Defendant seeks discretionary withdrawal of the reference primarily because it has demanded a jury trial. However, defendant also makes reference to several other factors which it contends justify withdrawal in this case: first, that the proceeding is non-core; second, that state law predominates; and third, that the bankruptcy case is essentially over. We find that none of these reasons satisfy defendant's burden to show good cause for withdrawing the reference at this early point in the adversary proceeding.

A. Core v. Non-Core

While we note that 28 U.S.C. § 157(b) (3) directs a bankruptcy court to make the determination as to whether a case is core or non-core, as a practical matter, this court must assess this factor in ruling on defendant's motion to withdraw reference.

Determining whether a proceeding is core or non-core is important in ruling on a motion to withdraw reference because bankruptcy courts have broad authority to adjudicate core proceedings, but limited authority to preside over non-core matters. 28 U.S.C. §§ 157(b) (1), 157(c) (1).
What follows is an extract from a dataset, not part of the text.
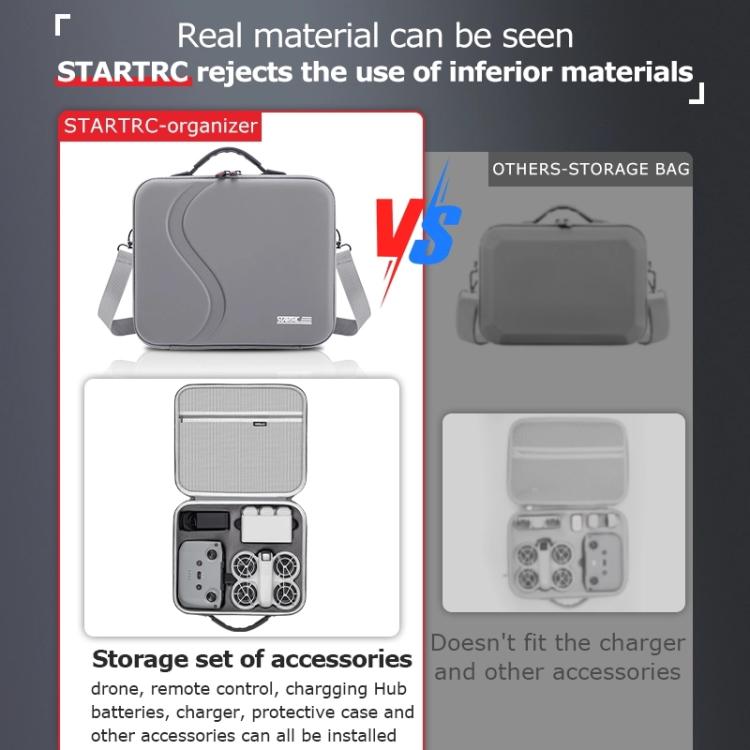 1. Strong compatibility. The storage bag specially designed for DJI Neo fits the device precisely and is very good for storage. It is compatible with Neo drone and RC-N3 remote controller (compatible with RC-N2), which can meet daily use. The upper net bag can be used as a custom space to store some related small accessories, such as charging cables, charging heads, tablets, etc.

We apply the general principles established by the Court of Appeals for the Third Circuit for determining whether a proceeding is core or non-core. A proceeding is core ". . . if it is a proceeding that, by its nature, could arise only in the context of a bankruptcy case." CoreStates Bank, 176 F.3d at 196; In re Guild and Gallery Plus, Inc., 72 F.3d at 1178. As one district court in this circuit has interpreted that standard, if the rights being adjudicated "would not exist independent of a bankruptcy environment" the matter is core. Hatzel Buehler, 107 B.R. at 39.
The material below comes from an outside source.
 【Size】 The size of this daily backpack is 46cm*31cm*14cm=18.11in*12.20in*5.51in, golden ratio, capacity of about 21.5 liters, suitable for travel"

Plaintiff alleges that its landlord overcharged it for utilities. Plaintiff seeks recovery of the overcharges. This dispute is not unique to the bankruptcy environment; it is a landlord-tenant dispute. However, defendant's answer includes an affirmative defense under the Bankruptcy Code for set-off of unpaid rent and utilities incurred while plaintiff was a holdover tenant. These unpaid holdover charges also form the basis of a proof of claim and several motions filed by defendant in plaintiff's bankruptcy case. In addition, defendant alleges that plaintiff's claims are barred because they were not included in the plan, disclosure statement, or schedules filed with the bankruptcy court. Therefore, although this landlord-tenant dispute is not a proceeding that could only arise in the context of a bankruptcy case, it shares a strong relationship with plaintiff's bankruptcy case.
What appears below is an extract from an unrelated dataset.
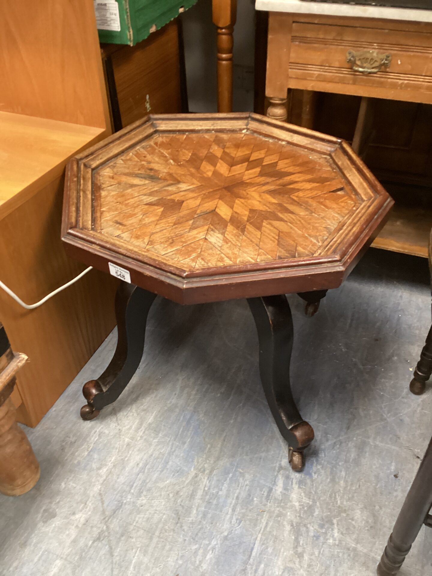 The table is in good antique condition, with expected wear consistent with age and use. The marquetry remains largely intact, and the legs are sturdy. This table would be a wonderful addition to a collection of antique furniture or a unique focal point in a period-inspired interior. Its quality and aesthetic appeal make it a desirable piece for collectors and enthusiasts alike.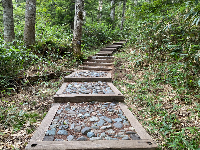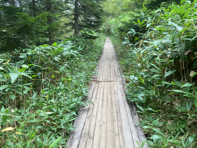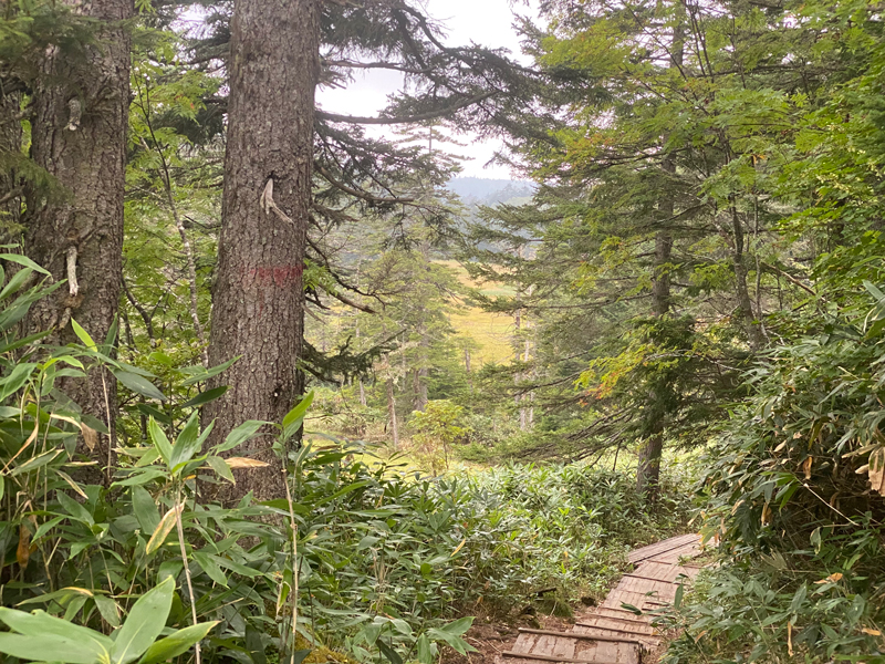さて、再び1㎞弱ほどの下りを歩きます。沼山峠登山口からは、前半約1/3が登りで後は下りと平坦な道のりです。なのでそれほど疲れなく行けそうですね。

Because of this relationship, even though we conclude that this matter is non-core, we find it appropriate to leave the adversary proceeding in the bankruptcy court. That court will be familiar with the parties, defendant's proof of claim (and the effect, if any, of plaintiff's apparent failure to object to it), the set-off rules under the Bankruptcy Code, and the content and effect of plaintiff's bankruptcy filings. This familiarity makes the bankruptcy court particularly well-equipped to issue proposed findings of fact and conclusions of law on dispositive matters in this particular non-core matter. 28 U.S.C. § 157(c) (1). Following these procedures and when the case is trial ready, or at any time prior if circumstances change making withdrawal of the reference appropriate, a motion to withdraw the reference can then be filed.

B. Jury Trial

Defendant contends that the reference should be withdrawn because it has demanded a jury trial. However, contrary to defendant's contention, the possibility that a jury trial might be held at some point in the future does not warrant immediate withdrawal of the reference. Instead, a court may deny a motion to withdraw based on a jury demand until the case is "trial ready". In re Conseco Finance Corp, 2005 WL 1125676 (N.D. Ill. May 9, 2005); Growe v. Bilodard, Inc., 2005 WL 1177718, *1-2 (D. Me. May 19, 2005); In re Northwestern Institute of Psychiatry, Inc., 268 B.R. at 84; Commercial Fin. Serv., Inc. v. Brady (In re Commercial Fin. Serv.), 239 B.R. 586, 596 (Bankr. N.D. Okla. 1999) (citing cases); Barlow Peek, Inc. v. Manke Truck Lines, Inc., 163 B.R. 177, 179 (D. Nev. 1993);O'Connell v. Terranova (In re Adelphi Institute), 112 B.R. 534, 538 (S.D.N.Y. 1990).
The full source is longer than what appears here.